Possible participation of nitric oxide in the increase of norepinephrine release caused by angiotensin peptides in rat atria.

In rat atria isolated with their cardioaccelerans nerves and labeled with [3H]norepinephrine, exposure to 1 x 10(-7) mol/L angiotensin II (Ang II) and 1 x 10(-7) mol/L Ang-(1-7) increased the release of radioactivity elicited by nerve stimulation (0.5-millisecond-long square-wave pulses at 2 Hz during 2 minutes) by 90% and 60%, respectively. The facilitatory effect on noradrenergic neurotransmission caused by both peptides was stereospecifically prevented by N omega-nitro-L-arginine methyl ester (1 x 10(-4) mol/L), an inhibitor of nitric oxide synthase that catalyzes the conversion of L-arginine to nitric oxide, as well as by 1 x 10(-5) mol/L methylene blue, a substance that inhibits the guanylate cyclase considered as the final target of nitric oxide action. On the other hand, the precursor of nitric oxide synthesis.

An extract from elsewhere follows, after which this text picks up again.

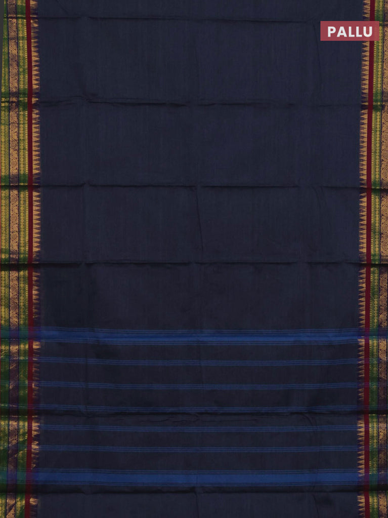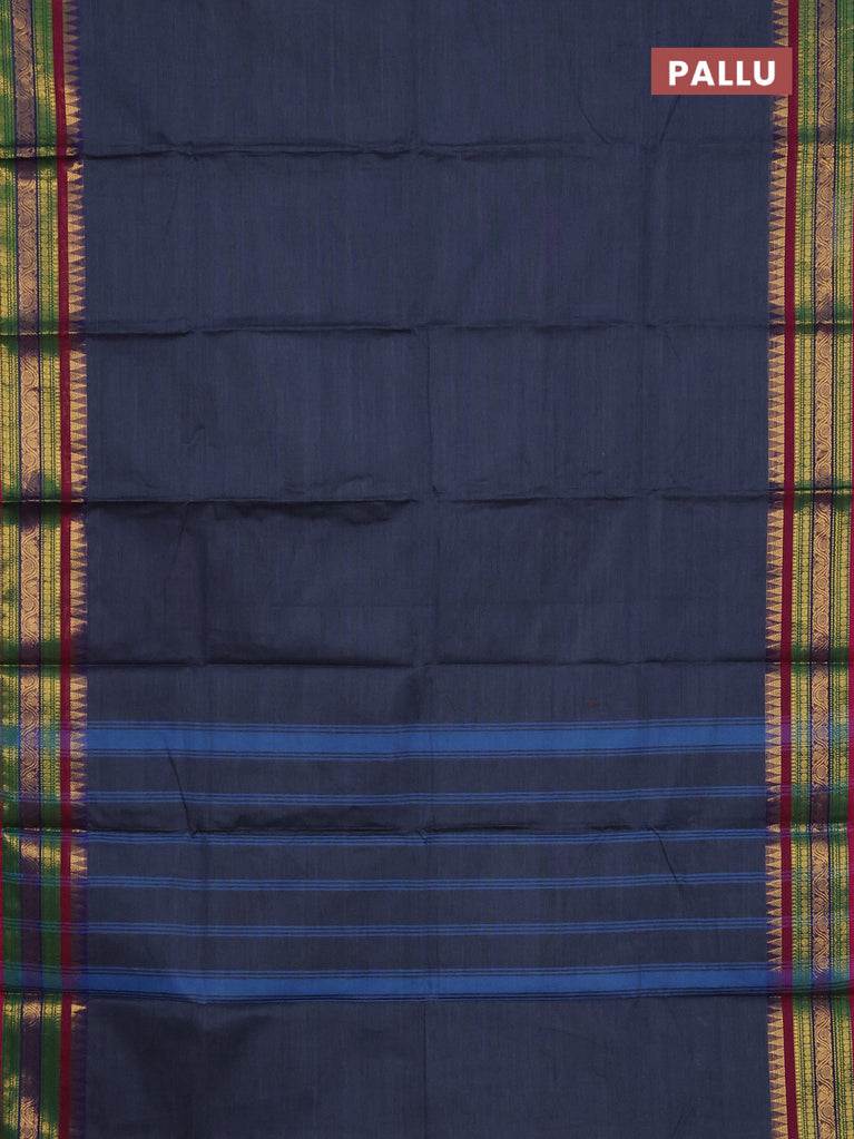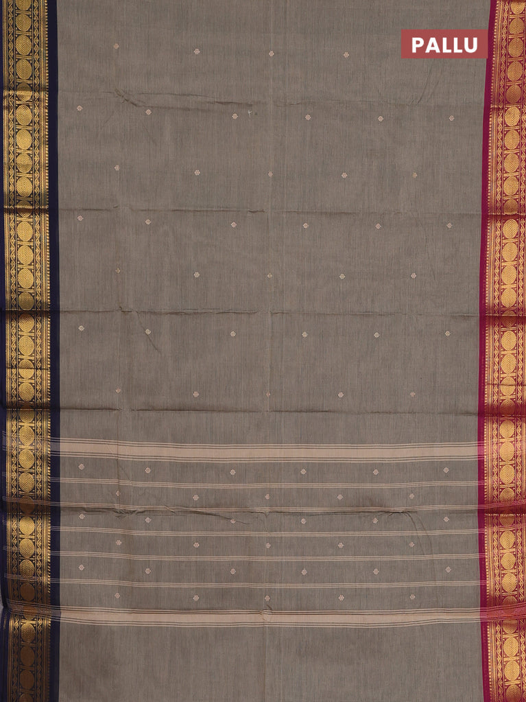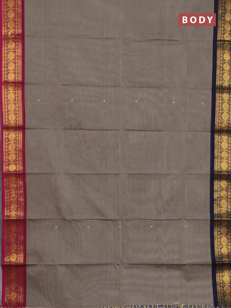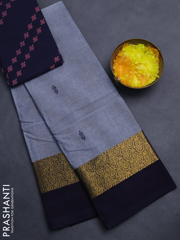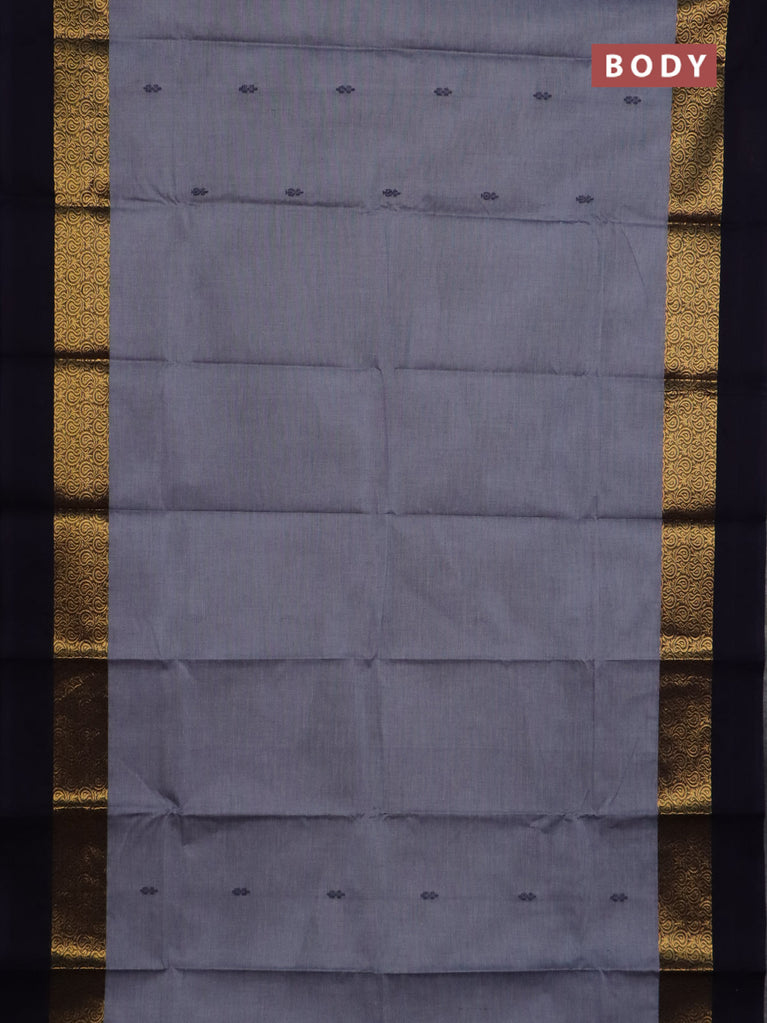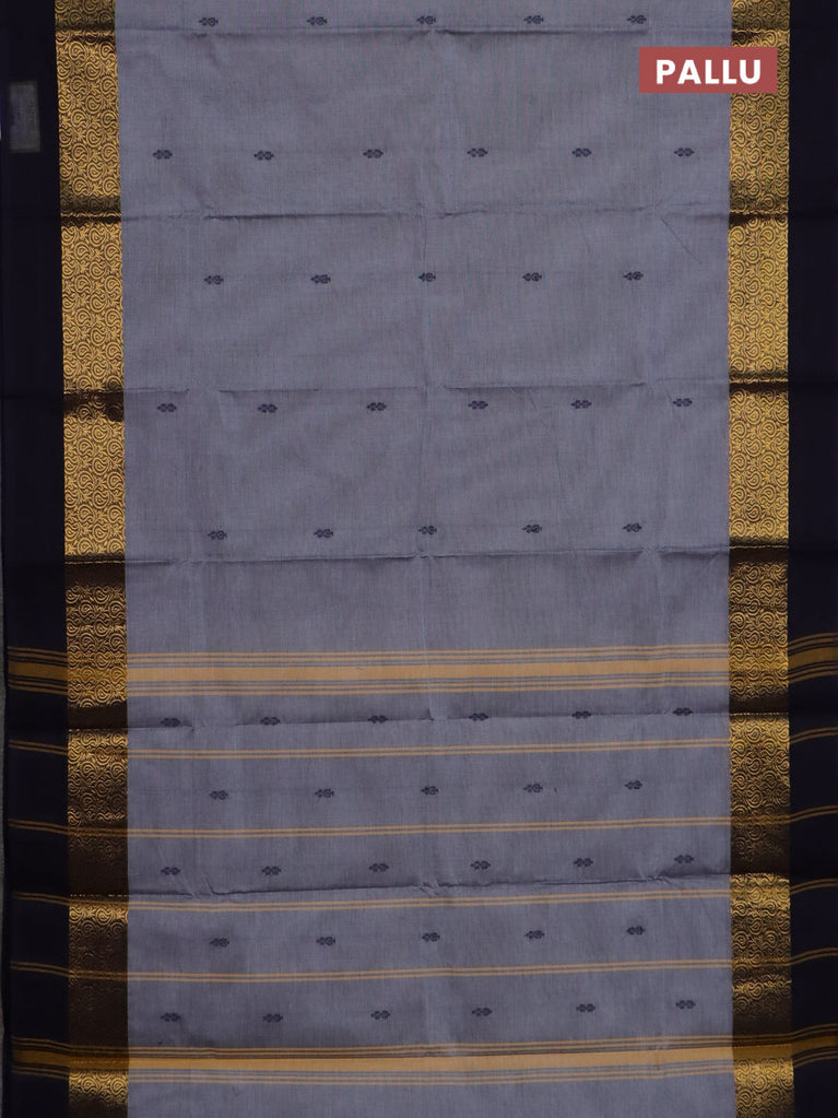 Chettinad cotton saree grey and navy blue with thread woven buttas and zari woven simple border

L-arginine (1 x 10(-3) mol/L), reversed the prevention produced by N omega-nitro-L-arginine methyl ester on the increased release of norepinephrine caused by Ang II and Ang-(1-7). The present results suggest that nitric oxide could be involved in the neuromodulatory function elicited by both Ang II and Ang-(1-7) in rat atria. The physiological role of this observation is still under study.